«Империя падет, — писал Мустафа Али (1541–1600), — когда наши потомки скажут: „Закон — это то, что угодно нам“.» Но на самом деле империя, с грехом пополам залатывая пробоины и заделывая бреши, дожила до того времени, когда западные путешественники не то что перестали восхищаться системой османского государства, а стремились удивить своих читателей, обнаружив в этом государстве хоть какие-то признаки системы. Впрочем, среди гостей с Запада было и несколько романтиков, полагавших, что беспорядочное и случайное насилие Османской империи, пусть и прискорбное само по себе, уравновешивается столь же беспорядочными проявлениями благородства и мудрости. Уркварт, много путешествовавший по Албании в 1830-е годы, пришел к убеждению, что гибкость османских законов предпочтительнее, чем положение дел на Западе, где безжалостная жестокость и мерзости промышленной революции находили в законе полную поддержку. Он считал, что личностная природа власти автоматически обеспечивает империи необходимую систему сдержек и противовесов, а также способствует постоянному диалогу между теми, кто этой властью обладает. Размышляя о той детской беспечности, с которой вожаки восстаний стремились к своему неизбежному концу, Уркварт пришел к выводу, что восстания здесь начинаются с человека, а не с идеи, и что предательство каждого из вожаков есть «следствие той же самой отваги и решительности, на которых единственно зиждется их авторитет». По любому поводу велись переговоры и обсуждения; жалобы и претензии внимательно выслушивались, после чего всякий раз находилось решение, устраивающее обе стороны. До чего же это лучше, думал Уркварт, чем слепое неправосудие, ежедневно осуществляемое по отношению к его собственным соотечественникам равнодушной и безжалостной системой!
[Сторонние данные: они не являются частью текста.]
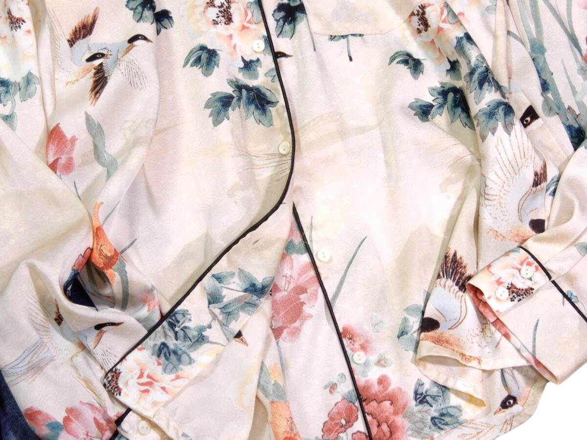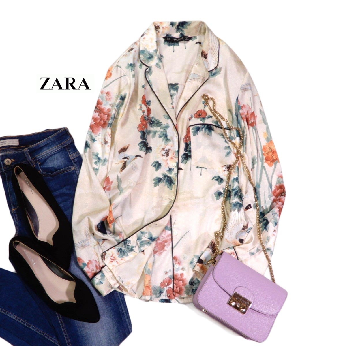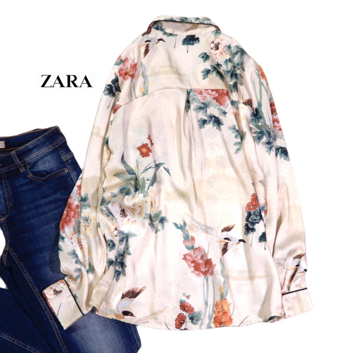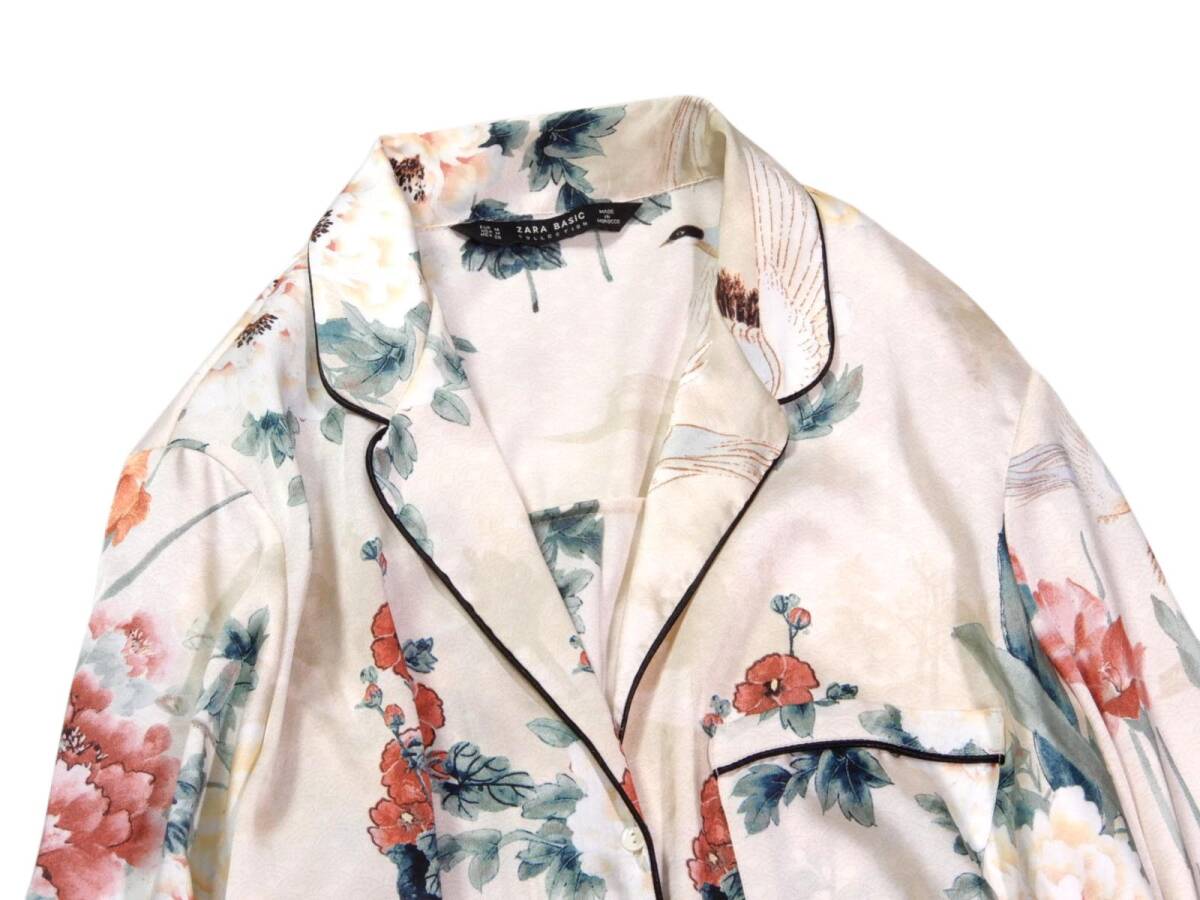 ザラベーシック ZARA BASIC 可愛い☆微光沢 オリエンタルプリント パジャマ シャツ M
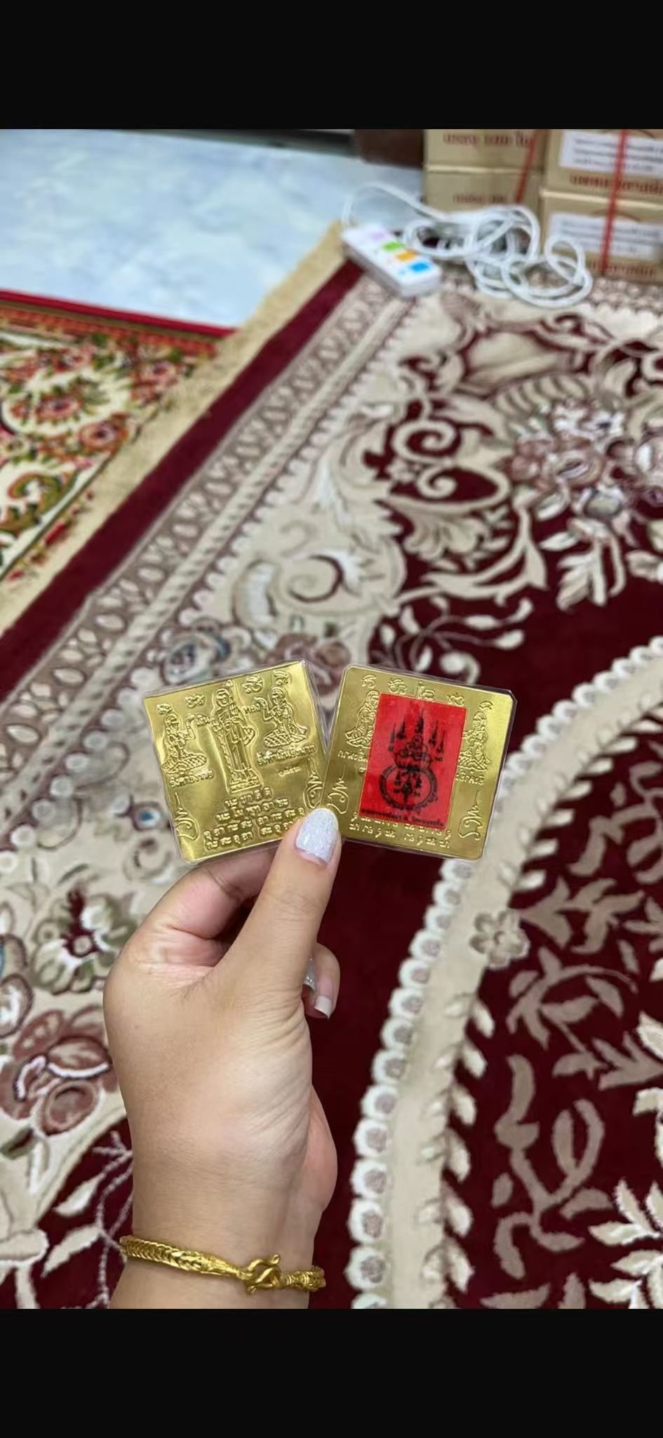 招財女神和希瓦里符片 宋柴 尺寸:5 X 5 CM Item: Phra Nang Kwak/Phra Sivali Unfold Yant Takrut Master: AJ Somchai 此款符片是雙面的,不是二款 符片上有招財女神和希瓦里,讓你招財之餘,更容易遇貴人 不管是做生意、網路拍攝、微商、業務,都非常適合唷! 可放手機背殼、辦公室、工作場所、包包,隨身攜帶,隨時得到師傅的加持。
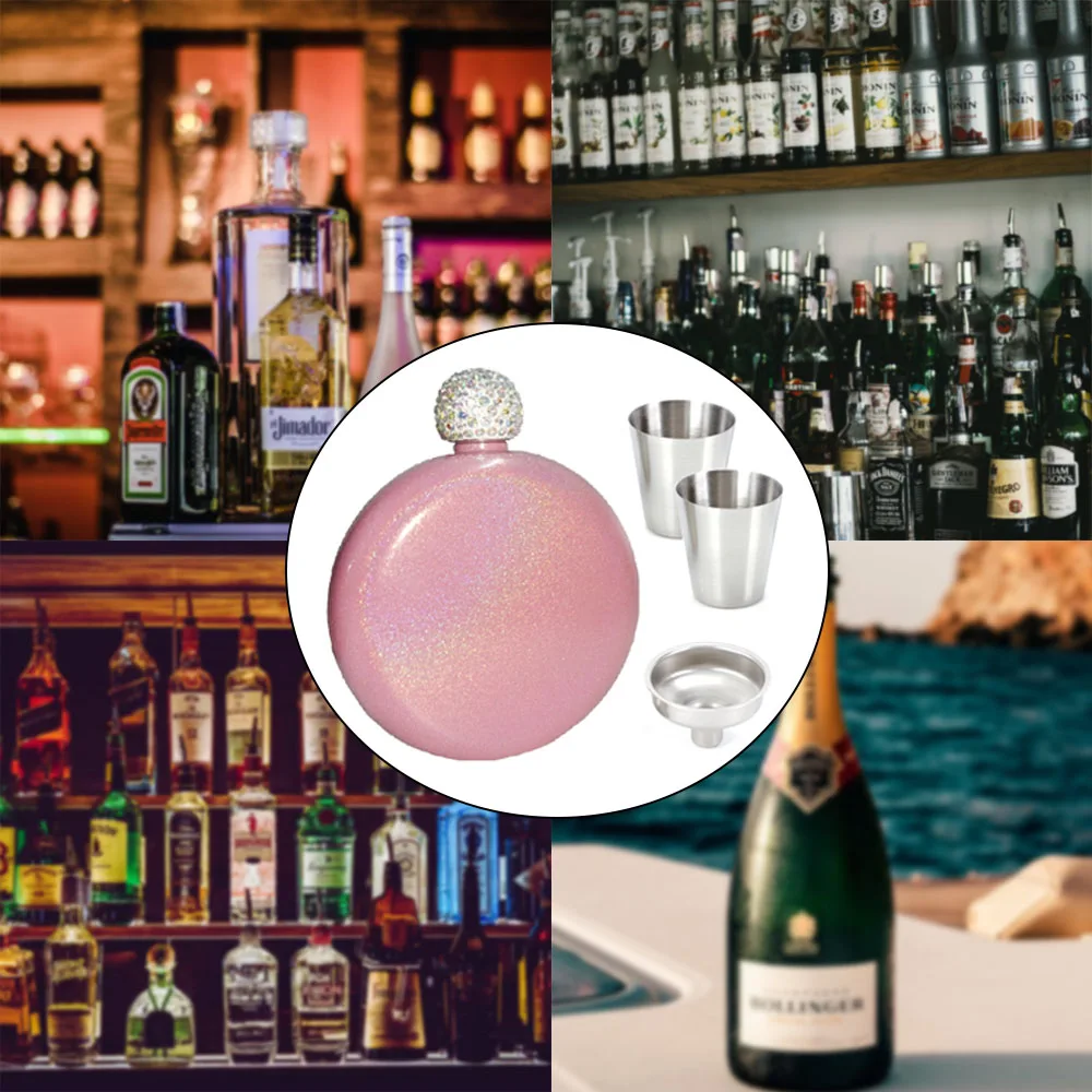 Сталь герметичность ликер хип с двойными стенками из нержавеющей стали с Сияющие Стразы Кепки и воронка и 2

Османы полагали, что раз уж все люди несовершенны, то лучше, чтобы власть принадлежала тем, у кого во всем, что происходит вокруг, есть свой денежный интерес. Чиновник, продающий должности, плут-откупщик или просто «предсказуемый» судья,[75] очевидно, уже успели нагреть руки, и для того, чтобы на них можно было положиться, достаточно небольшой, вполне разумной суммы. А вот люди, открыто объявляющие о своей честности, решительно у всех вызывали страх. Некоторое время они действительно держались неприступно, из-за чего отправление правосудия задерживалось и все дела стояли, — но всем было известно, что от решимости праведника не останется и следа, как только он получит жалованье — и тогда берегись: он рьяно возьмется наверстывать упущенное.
22
Иллюзия
Наверное, термин «упадок» не совсем подходит для описания ситуации в Османской империи той эпохи. Старая система пережила потрясения начала XVII века и вышла из них более сложной и дробной, лишенной цели, заурядной — и более современной. Войско сипахи разложилось во многом потому, что чем дальше, тем большую роль в экономике начинали играть деньги. Власть в провинциях все крепче держала в своих руках местная знать, гораздо лучше знакомая с положением дел в конкретном районе, чем центральное правительство, и любезно избавляющая последнее от необходимости принимать решения по любому поводу. Правящие круги были разбиты на группировки, вызывающие тем больше ненависти у проигравших, чем больший успех им сопутствовал; но протекция в Османской империи, как и везде, была разновидностью меритократии: человек, отправивший ко двору способного десятилетнего мальчика, будущего великого визиря (1706–1710) Чорлулу Али-пашу, сделал это для того, чтобы расширить свои связи и, «будучи его покровителем, когда-нибудь получить от этого выгоду». Писари XVIII века писали на худшей бумаге, чем их коллеги, жившие столетием раньше, но записи их были более точны и подробны. Люди пера, похоже, перенимали эстафету у людей меча — как это, собственно, происходило во всех крупных европейских государствах.
Мир менялся, уходя от средневекового натурального хозяйства и вступая в новую, более беспокойную и гибкую эпоху — и проигрывали от этого одни лишь крестьяне, где бы они ни жили. В Османской империи они испытывали на себе давление растущего класса земельных магнатов, которые объединяли мелкие крестьянские наделы в латифундии, и крупных скотовладельцев, которые прогоняли крестьян с земли угрозами и действием (например, перекрывая доступ к воде); кроме того, накалялись отношения между крестьянами и кочевниками, которые все активнее проникали в оседлые районы, где земледелие находилось в упадке.
В структуре общества появлялись новые элементы, нарушавшие былую простоту, когда по одну сторону были османы, по другую — райя, а между ними — тонкая прослойка исламского духовенства и торговцев. Однако общество, которое могло вместить в себя безземельных издольщиков, ростовщиков, местных шишек, вольных ремесленников и династии на каждом уровне власти, было намного ближе к тому обществу, которое возникло и развивалось в Европе.